The sum S_{n} of the first n terms of the G.P. is given by

S_{n} = a (r^{n} – 1)/ (r-1), when r ≠1; = na if r =1

If -1 < x < 1, then limx^{n} = 0, as n →∞. Hence, the sum of an infinite G.P. is 1+x+x^{2}+ ….. = 1/(1-x)

If -1 < r< 1, then the sum of the infinite G.P. is a +ar+ ar^{2}+ ….. = a/(1-r)

If each term of the G.P is multiplied or divided by a non-zero fixed constant, the resulting sequence is again a G.P.

If a_{1}, a_{2}, a_{3}, …. andb_{1}, b_{2}, b_{3}, … are two geometric progressions, then a_{1}b_{1}, a_{2}b_{2}, a_{3}b_{3}, …… is also a geometric progression and a_{1}/b_{1}, a_{2}/b_{2}, ... ... ..., a_{n}/b_{n} will also be in G.P.

Suppose a_{1}, a_{2}, a_{3}, ……,a_{n} are in G.P. then a_{n}, a_{n–1}, a_{n–2}, ……, a_{3}, a_{2}, a_{1} will also be in G.P.

Taking the inverse of a G.P. also results a G.P. Suppose a_{1}, a_{2}, a_{3}, ……,a_{n} are in G.P then 1/a_{1}, 1/a_{2}, 1/a_{3} ……, 1/a_{n} will also be in G.P

If we need to assume three numbers in G.P. then they should be assumed as a/b, a, ab (here common ratio is b)

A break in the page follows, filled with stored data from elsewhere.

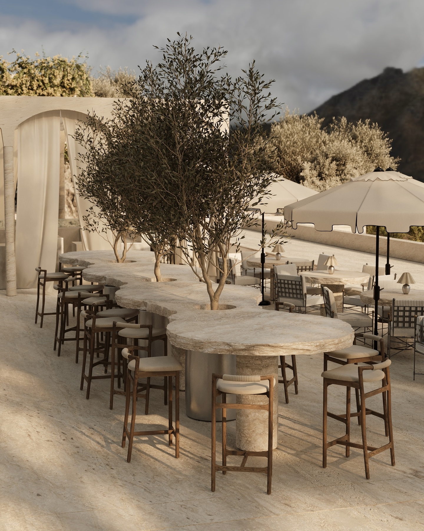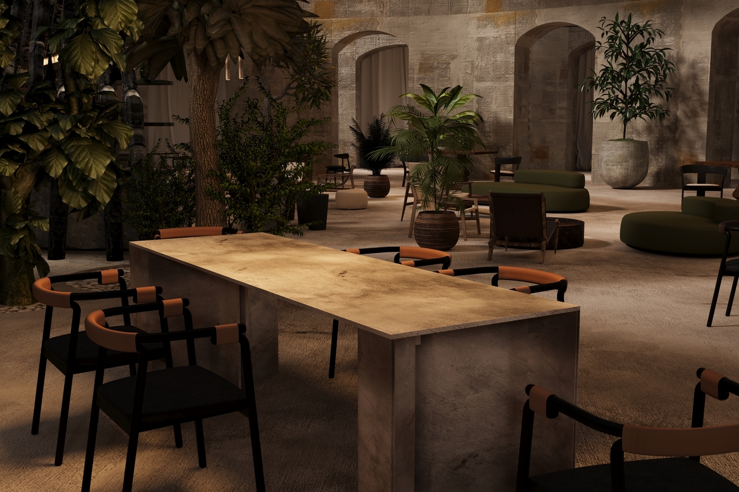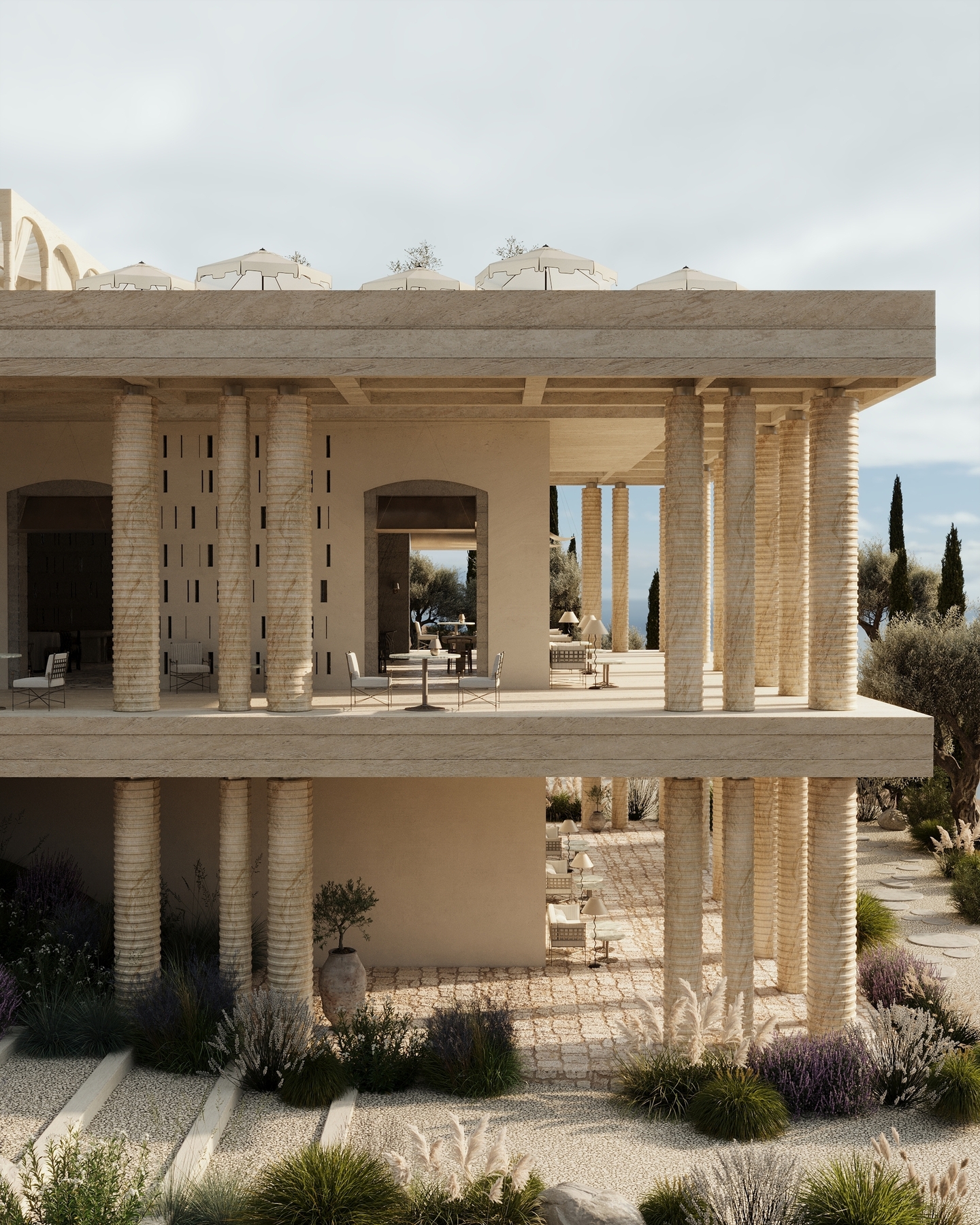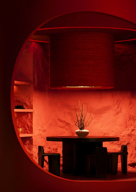 В проекте форма следует за окружающей средой. Источником образов стали меловые горы и их удивительная экосистема. В интерьерах много природных элементов и текстур. Некоторые из форм были созданы из частей кретофильных растений.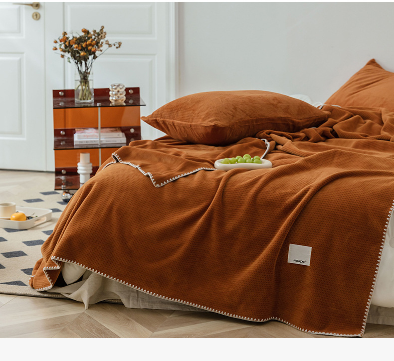 새로운 두꺼운 와플 담요 더블 레이어 복합 우유 벨벳 단색 다기능 담요 크로스 보더 라이브 방송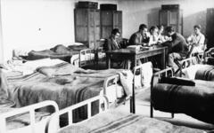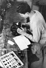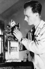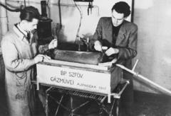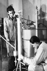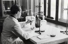 a Magyar Királyi József Nádor Műszaki és Gazdaságtudományi Egyetem (később Budapesti Műszaki és Gazdaságtudományi Egyetem) CH / Kémiai épületének helyreállított laboratóriumában, egy adományozott berendezés beállítása folyik.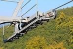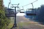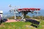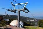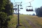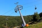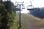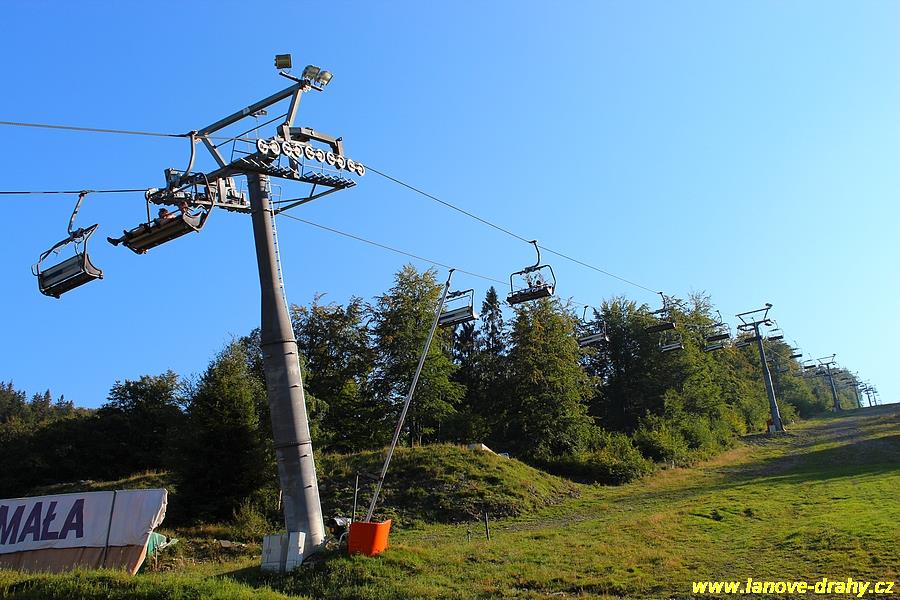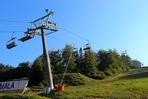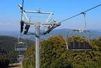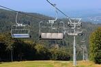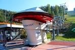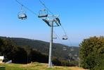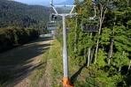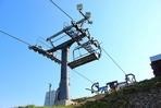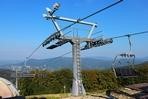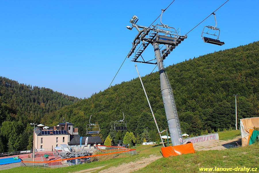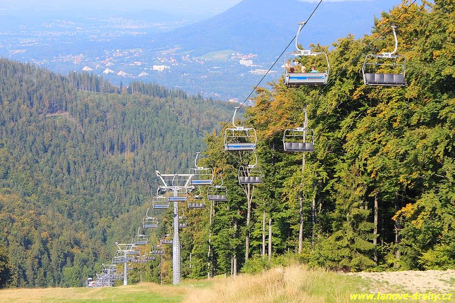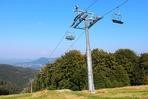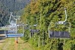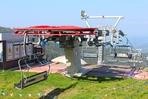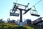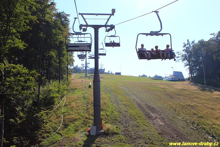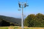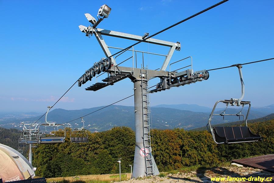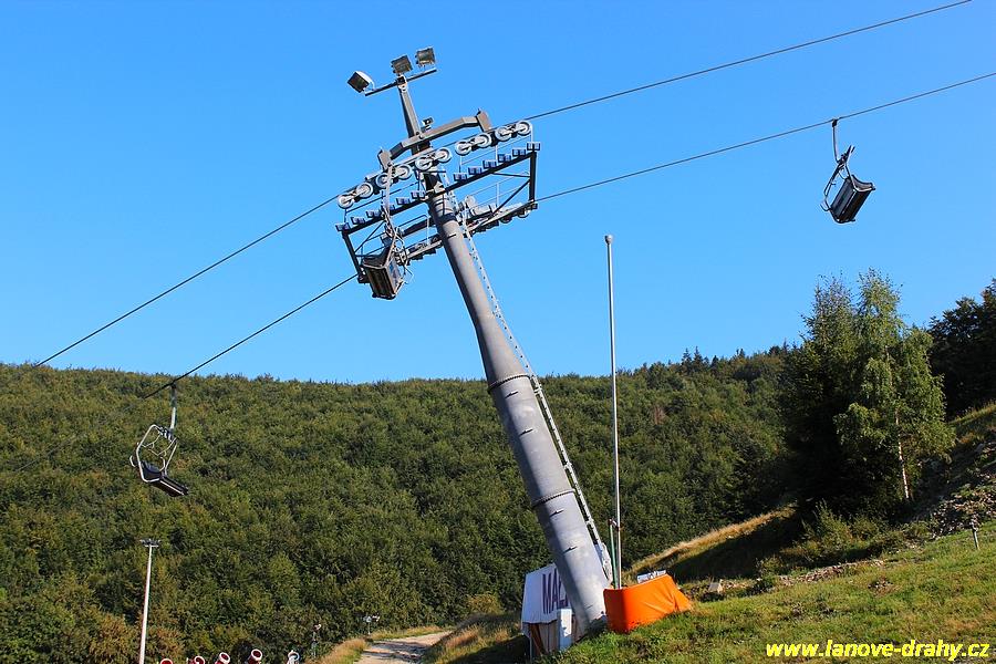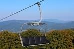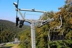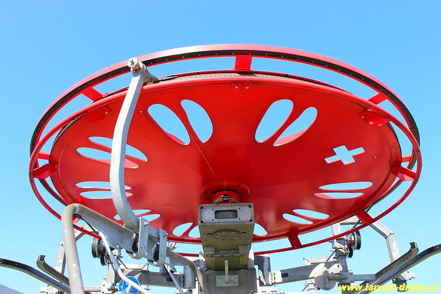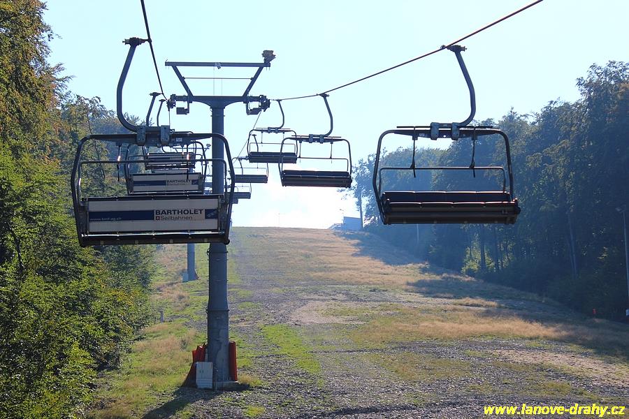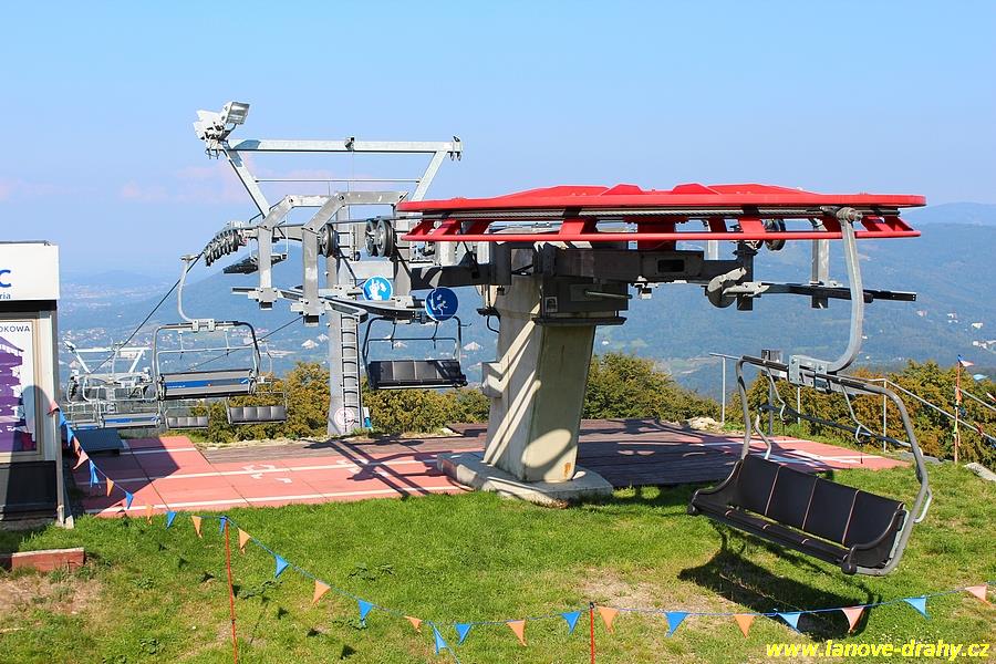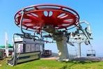 osobní visutá jednolanová dráha oběžného systému s pevným uchycením čtyřmístných sedaček a rozběhovým pásem |

Four numbers in G.P. should be assumed as a/b^{3}, a/b, ab, ab^{3} (here common ratio is b^{2})

Five numbers in G.P. a/b^{2}, a/b, a, ab, ab^{2} (here common ratio is b)

If a_{1}, a_{2}, a_{3},… ,a_{n} is a G.P (a_{i}> 0 ∀i), then log a_{1}, log a_{2}, log a_{3}, ……, log a_{n} is an A.P. In this case, the converse of the statement also holds good.

If three terms are in G.P., then the middle term is called the geometric mean (G.M.) between the two. So if a, b, c are in G.P., then b

= √ac is the geometric mean of a and c.